Items from a data source
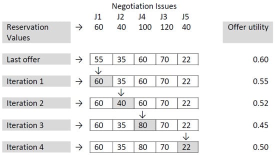 When the current least important issue (CLII) calculated value of the agent surpasses their CLII reservation, then the agent must update a second lowest-level issue, which becomes a CLII. This approach repeated until the agent finds a composite offer with the usefulness of its current iso curve or every issue reaches the value of its reservation.
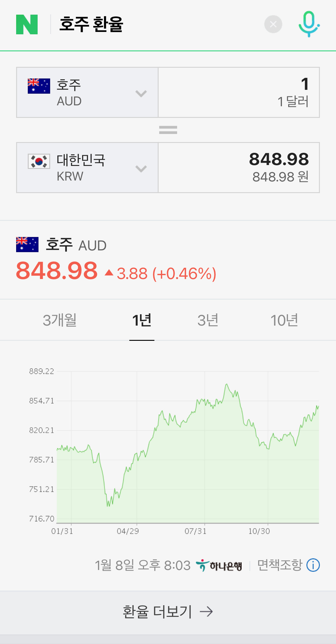 그리고 오늘 날짜 호주 환율을 확인해보니...
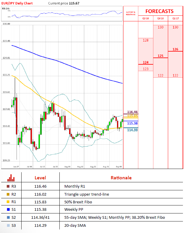 欧元/日元并未跌下114.36/42,该位置毕竟有月PP,周S1,斐波线38.2%(自退欧大跌以来)和55日线构成的支撑。货币对还在冲击周PP 115.3863,目标是斐波线50%。如果收于该位置智商,则意味着两个月以来的三角模型上限 116.02 也将在这波攻势中被考验。
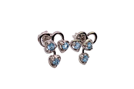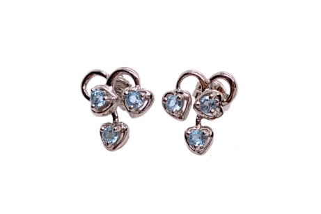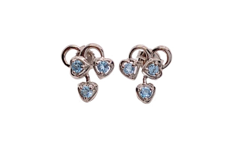 Lovely vintage 18ct gold three (six altogether) stone aquamarine earrings in heart shaped settings. Piercing blue brilliant cut aquas possibly to match her eyes? These beauties come to life on the wearer.
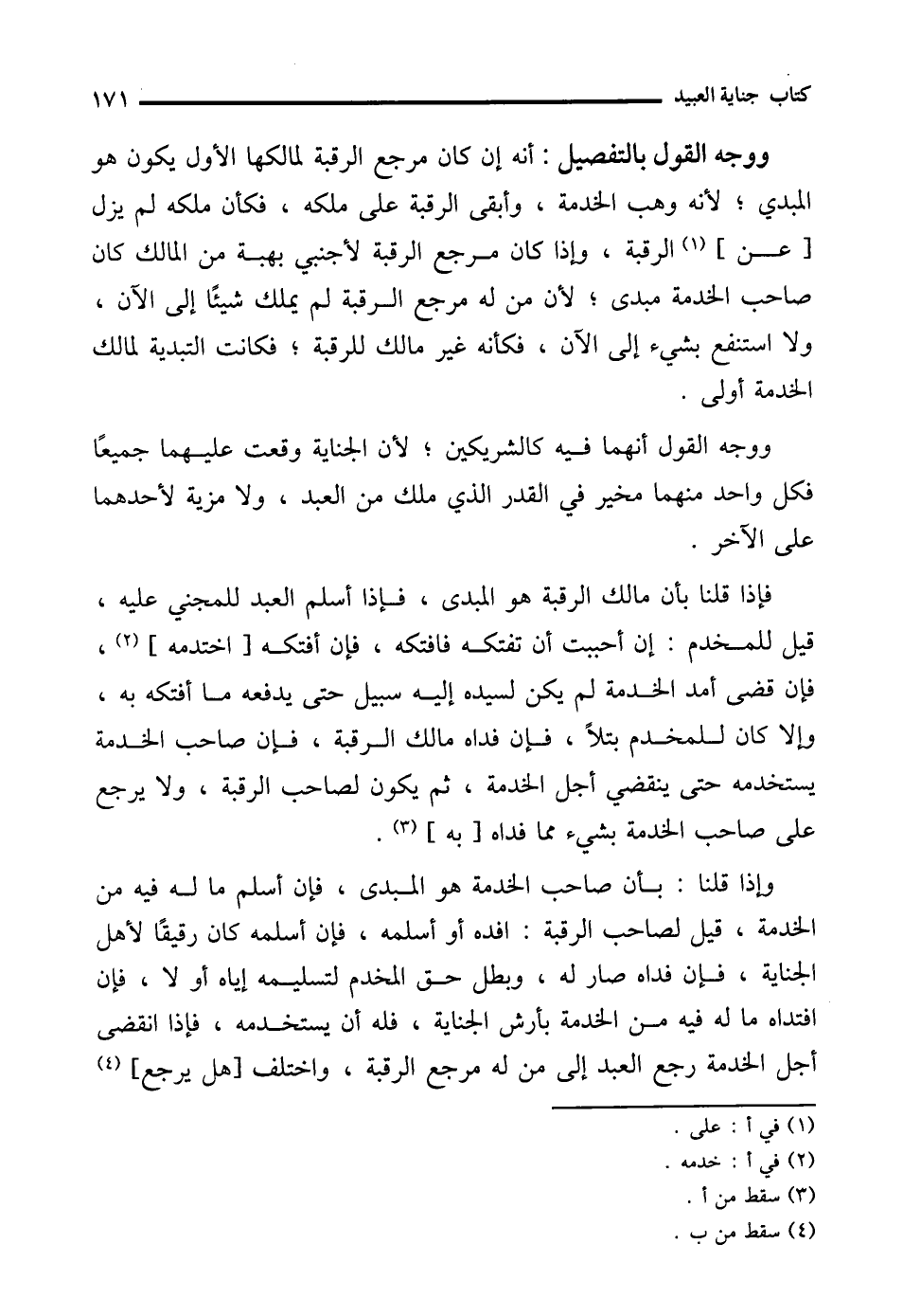 وإذا قلنا: بأن صاحب الخدمة هو المبدى، فإن أسلم ما له فيه من الخدمة، قيل لصاحب الرقبة: افده أو أسلمه، فإن أسلمه كان رقيقًا لأهل الجناية، فإن فداه صار له، وبطل حق المخدم لتسليمه إياه أو لا، فإن افتداه ما له فيه من الخدمة بأرش الجناية، فله أن يستخدمه، فإذا انقضى أجل الخدمة رجع العبد إلى من له مرجع الرقبة، واختلف [هل يرجع] (¬4)
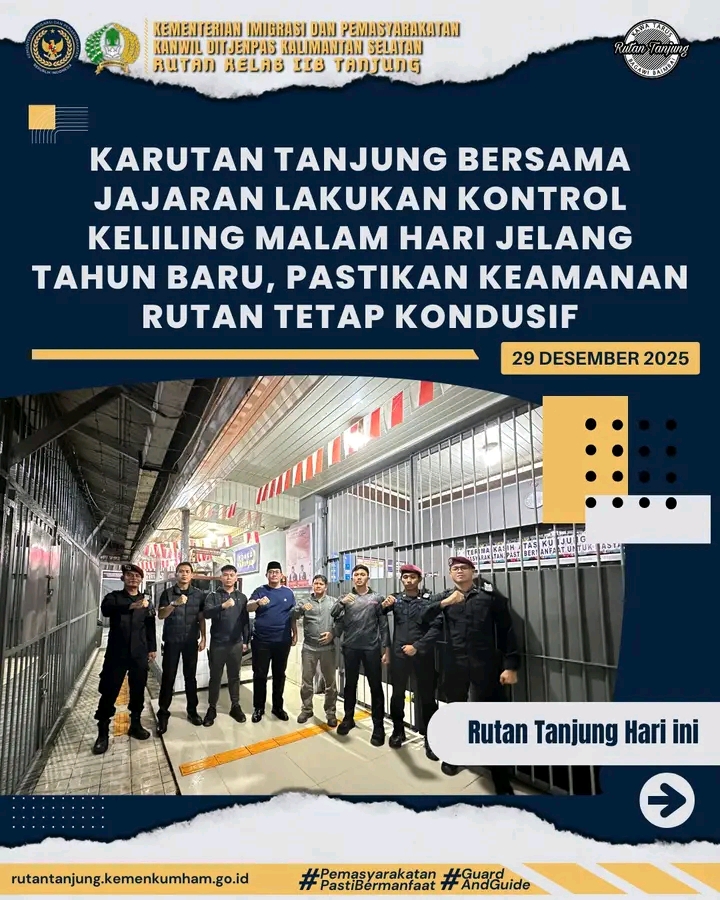 Dalam rangka menjaga stabilitas keamanan dan ketertiban Pada momen Libur tahun baru kepala Rumah Tahanan negara Rutan kelas llB Tanjung rayamon Andika Girsang, melaksanakan kegiatan kontrol keliling malam hari di seluruh area Rutan Tanjung kegiatan ini dilakukan sebagai langkah antisipasi untuk memastikan situasi Rutan tetap aman tertib dan kondusif selama berlangsungnya Libur tahun baru serta untuk memastikan kesiagaan Rutan Tanjung dalam menghadapi potensi banjir yang sudah melanda beberapa daerah di kabupaten Tabalong senin 29-12-2025

**To do**. Beginning with the line that contains "وإذا قلنا: بأن" and ending with the last line of the entries above, repeat each line exactly, but not the pictures.

**Written reply**.
 وإذا قلنا: بأن صاحب الخدمة هو المبدى، فإن أسلم ما له فيه من الخدمة، قيل لصاحب الرقبة: افده أو أسلمه، فإن أسلمه كان رقيقًا لأهل الجناية، فإن فداه صار له، وبطل حق المخدم لتسليمه إياه أو لا، فإن افتداه ما له فيه من الخدمة بأرش الجناية، فله أن يستخدمه، فإذا انقضى أجل الخدمة رجع العبد إلى من له مرجع الرقبة، واختلف [هل يرجع] (¬4)
 Dalam rangka menjaga stabilitas keamanan dan ketertiban Pada momen Libur tahun baru kepala Rumah Tahanan negara Rutan kelas llB Tanjung rayamon Andika Girsang, melaksanakan kegiatan kontrol keliling malam hari di seluruh area Rutan Tanjung kegiatan ini dilakukan sebagai langkah antisipasi untuk memastikan situasi Rutan tetap aman tertib dan kondusif selama berlangsungnya Libur tahun baru serta untuk memastikan kesiagaan Rutan Tanjung dalam menghadapi potensi banjir yang sudah melanda beberapa daerah di kabupaten Tabalong senin 29-12-2025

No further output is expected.